Mr. Pimenta describes the festival as "something of a pilot project, a litmus test for Ontario Place to see how the location holds up hosting these kinds of events." If it works, there very likely will be more – and with them, it's hoped, the end of whatever talk there may still be about converting Ontario Place to a casino or condominium district.

Even in its heyday, Ontario Place was never a place you just visited; it was a destination, somewhat off the beaten path, that required a commitment from you and yours to get to. It's still that way – "a trek," in Mr. Pimenta's words – even as "the city has grown up around it," especially in the past 10 years. Mr. Pimenta admits to being "a little concerned" about the west island's "relative separation" and the fact Ontario Place has been largely mothballed the last four years and therefore out of public consciousness. The hope is patrons, who can pay a $30 for a single admission or $90 for an 11-day pass, will stay for the better part of a day or make several return trips.

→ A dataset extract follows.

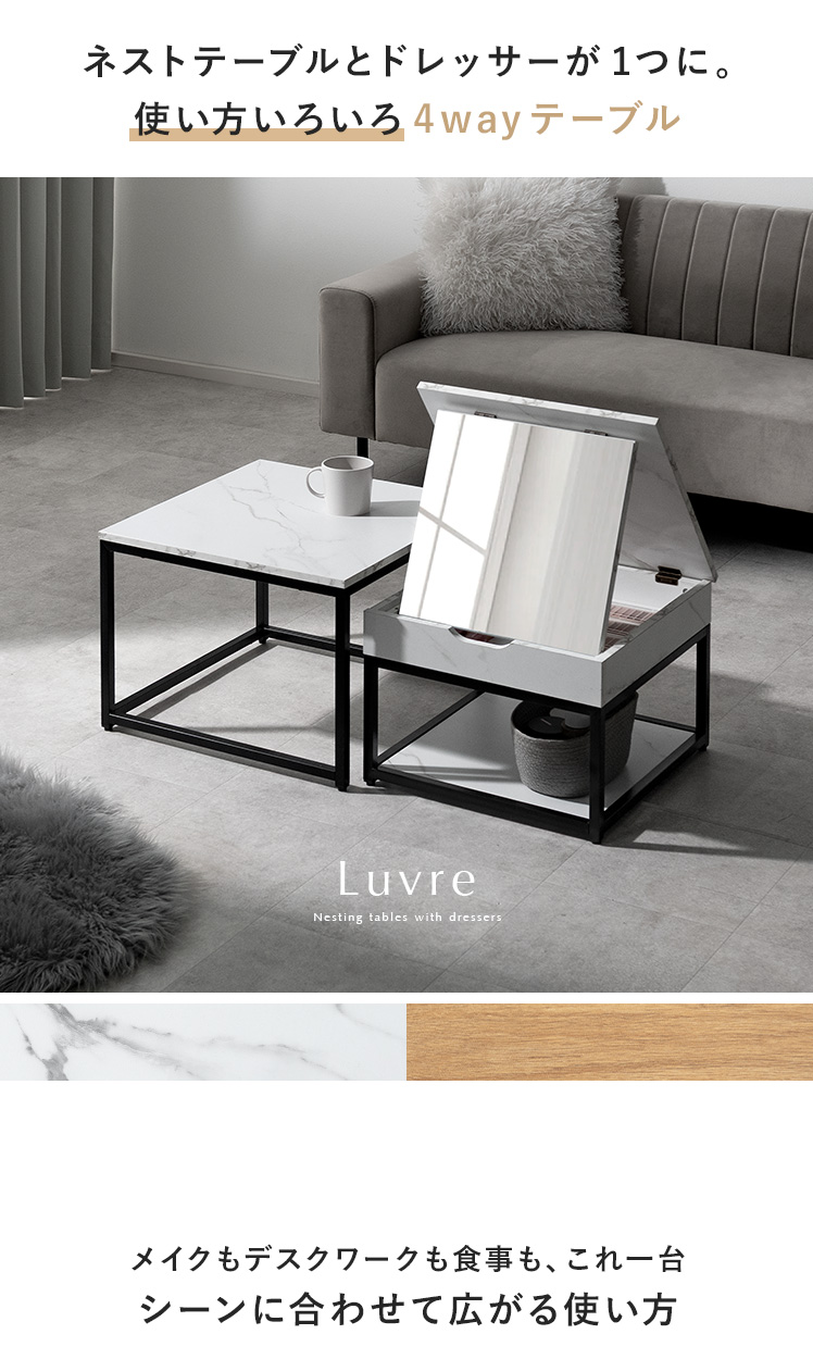 ドレッサーネストテーブル Luvre〔ルーブル〕/毎朝のメイク時はドレッサーとして。使わない時はスッキリ重ねて省スペース。来客時には並べて広々と使用したり、2台をそれぞれ独立させて使うことも。暮らしに寄り添うドレッサーテーブルです。

Mr. Pimenta added that Art Spin always wanted music to be part of the project and are pleased to have Small World Music's executive director Alan Davis on board. Part of the appeal is simply numeric: After being around more than a decade, Mr. Davis's festival has a large, loyal and multicultural audience. The hope, too, is "to cross-fertilize our respective audiences and communities," Mr. Pimenta said.

The festival won't lack for quirk. Max Dean, a 2014 winner of the Governor-General's Award for Visual and Media Arts is re-purposing many of the animatronic figures, human and animal, that used to populate part of the defunct Wilderness Adventure ride.

He's constructing a narrative in which the bears, moose, deer and miners, realizing they've been abandoned by the proprietors of Ontario Place, "take matters into their own hands and proceed to get themselves repaired," with often grotesque results. In one tableau, based on Thomas Eakins's famous 1875 painting The Gross Clinic, visitors will come across a full-size bull-moose on an operating table, its electronic innards exposed, as five human mannequins loom over the patient, seemingly pondering what to do next.

The In/Future art festival/Small World Music festival runs Sept. 15-24. It opens Sept. 15, 6 p.m.-11 p.m.; Fridays and Saturdays, noon to 11 p.m.; Sundays, noon to 10 p.m.; Mon. through Thurs., 5 p.m. to 11 p.m. Further details at infuture.ca.